= Robert Moffit =

Robert E. Moffit is the Director of the Center for Health Policy Studies at The Heritage Foundation, a conservative think tank based in Washington D.C. As a former senior official at the United States Department of Health and Human Services and the United States Office of Personnel Management, Moffit has specialized in Medicare reform, health insurance, and other federal health policy issues for nearly three decades.

==Education==
Moffit received his bachelor's degree in political science from La Salle University in Philadelphia in 1969 and his master's and doctorate degrees from the University of Arizona in Tucson, Arizona.

==Career==
He served as an assistant director in the United States Office of Personnel Management during the Reagan administration with responsibilities in both federal personnel policy and Congressional relations, and Deputy Assistant Secretary at the U.S. Department of Health and Human Services. Following his federal service, Moffit was a senior associate of the Capitol Resources Group International, where he assisted clients primarily in the field of federal health care policy.

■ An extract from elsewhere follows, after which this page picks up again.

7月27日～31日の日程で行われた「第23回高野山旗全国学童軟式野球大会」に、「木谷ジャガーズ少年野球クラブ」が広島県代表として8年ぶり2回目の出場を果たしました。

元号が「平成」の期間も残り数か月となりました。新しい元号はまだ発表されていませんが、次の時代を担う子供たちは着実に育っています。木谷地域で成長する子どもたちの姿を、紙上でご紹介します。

After joining The Heritage Foundation in 1991, Moffit gained publicity with his draft of Heritage's analysis of President Bill Clinton's plan to nationalize the U.S. health care system. In 1993, The Washington Post ran a feature story detailing Moffit's criticisms of the Clinton proposal. Meanwhile, he called for a consumer-driven health care policy providing tax credits to help people buy health insurance of their personal choice.

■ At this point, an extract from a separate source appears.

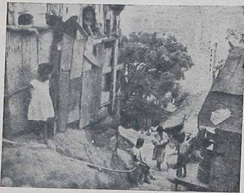
A maioria da população no ano 2000 viverá no Terceiro Mundo.

à diferença das taxas de crescimento demográfico nos países desenvolvidos e nas nações em desenvolvimento. Durante os 20 anos que restam até o término do século, a população das nações industrializadas aumentará apenas 17%. No Terceiro Mundo a população aumentará 70%. Duas causas são responsáveis por essa grande diferença nos crescimentos demográficos. Uma causa é a taxa de natalidade, que é muito alta no Terceiro Mundo; corresponde ao dobro da taxa do mundo industrializado. Outra causa é a taxa de mortalidade mais baixa. Atualmente, em média, morre mais gente em nações pobres. Mas nos próximos 20 anos será o contrário: a taxa de mortalidade será maior nos países ricos. Isto se dará porque nas nações industrializadas a idade média aumentará e a taxa de nascimentos diminuirá.

Moffit's team helped develop Massachusetts' health insurance reform initiative in 2005. The Massachusetts plan developed a new system that would allow employees in small businesses to choose their health plan through a statewide "health insurance exchange." The exchange was one of the first in the country to provide a market-based approach to health care, enabling individuals to own a private and fully portable health insurance plan and take it with them from job to job.

== Views on healthcare ==
Moffit's research has also involved him in debates over Medicare reform, how to ensure access to prescription drugs, and how to improve access to private health care coverage. A longtime advocate of a consumer-driven approach, Moffit recommends that the government adopt a new program for the baby boomers entering Medicare in 2011 similar to the consumer-driven Federal Employees Health Benefit Plan (FEHBP), which allows members of Congress and federal workers to select coverage from a broad range of competing private health plans. Moffit has also been an advocate of the free market principles of consumer choice and competition since the early 1990s, when he chastised Congress for keeping such a system of choice and competition "exclusively for itself and federal workers while considering ways to impose vastly inferior systems on almost all [other] Americans."